Bear in mind knowledge is everything. Ideally you need to understand the technology behind the scenes otherwise you're walking blind.

h57xiucj2z946q

www.gnupg.org

ishotjr2

As the guy said above http://www.gnupg.org/ is really good, if you send encrypted attachments then openssl is good also. But neither are user friendly.

Firefox has a bunch of plugins, so if you use webmail like gmail, yahoo etc... I would use one of these.

https://addons.mozilla.org/en-US/firefox/search/?q=encryption&cat=1%2C0

These are not of the strength of openssl or gnupg. But if convienience is important try the plugins.

Liameter

What I do is create a password-protected secure folder on my Mac, put the document(s) inside it, zip it, then drag it to my Dropbox "Public" folder and email the link to the recipient (with the password communicated separately via Skype or phone).

ishotjr2

The only point I would make is Skype IM, is sent in the clear so anyone capable of sniffing your mail can sniff the IM. Puritan point, but I have to keep reminding myself that when I use Skype IM.

To show what I mean use "tcpdump -A -s0 -ni eth0" and send some skype IM.

iMax

www.digiprove.com. Irish. Certified that it was sent. Encryption available.

Haven't used them in a chile, but found the service excellent for my needs when I did. (site is a little difficult to find around though).

Liameter

Yes but if I skype someone with "Jane's number is 0123486427" is anyone going to guess that that is the reversed password for an encrypted folder that I've uploaded to my Dropbox account? Will they in fact be able to find my Dropbox account?

ishotjr2

No, see your point. My point was only about Skype IM not being encrypted.

Liameter

And a very relevant point, too. (I tend to separate details and communicate them by at least 3 different methods. That's fairly safe even without encryption!)

An.Duine.Eile

As it is a once off eMail, you could

- Create a word doc with the message

- Save with a password orr Create a password protected zip file

Google instruction depending on version of word or zip

ishotjr2

Hi

I would say zip passwords are a moderate level of inconvienance. Really a public private key is needed.

http://zip-password-cracker.com/
http://oldhome.schmorp.de/marc/fcrackzip.html

Once you can hammer away at a cipher someone only needs the motivation and a computer built in the last 5 years.

But convieniece is a drawback of public/private.

Dude111

Mr.Crinklewood wrote:

http://www.hushmail.com/

I was going to recommend this..... I use this and its quite good

croo

ishotjr2 wrote: »

No, see your point. My point was only about Skype IM not being encrypted.

Is it not? I chat with a some people in Iran and they like to use skype because they believe (as I always did) it is encrypted!

According the Skype

Ever since Skype was launched, we have said it is, and will remain, secure. Your Skype-to-Skype calls, chats and other communications are end-to-end encryped.

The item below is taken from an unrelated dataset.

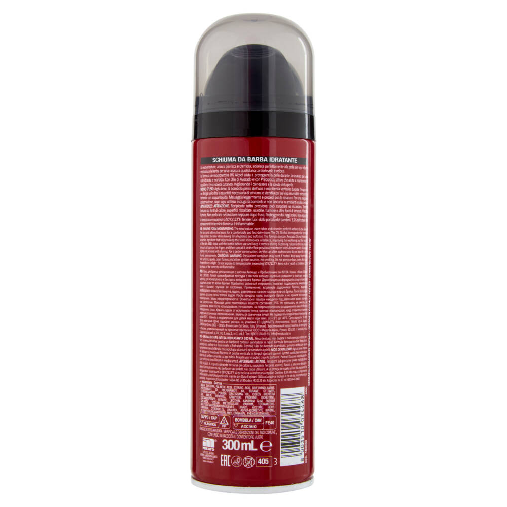 Modo d'uso: Agita bene la bombola prima dell'uso e mantienila verticale durante l'erogazione. Eroga sulle dita la quantità necessaria di schiuma e stendila poi sul viso inumidito precedentemente con acqua tiepida. Massaggia leggermente e procedi con la rasatura. Per una migliore conservazione, dopo ogni utilizzo asciuga la bombola e non lasciarla in ambienti molto umidi.

http://blogs.skype.com/security/2005/10/skype_security_and_encryption.html

Peter91

You should look at TrulyMail. They have a way to send encrypted messages to someone who does not use their software. Normally, the problem with encrypted messages is that the recipient also must use the same software. TrulyMail solved that problem (http://trulymail.com/Videos/ShowVideo.aspx?v=80).

PeterHughes

Outlook supports encryption, all you need to do is generate the encryption keys. There are loads of free sites to do PGP key generation

https://www.igolder.com/pgp/generate-key

The person you are sending to has to create their own PGP Keys, one public and one private. They then give you the public one and you use it to encrypt the email in outlook.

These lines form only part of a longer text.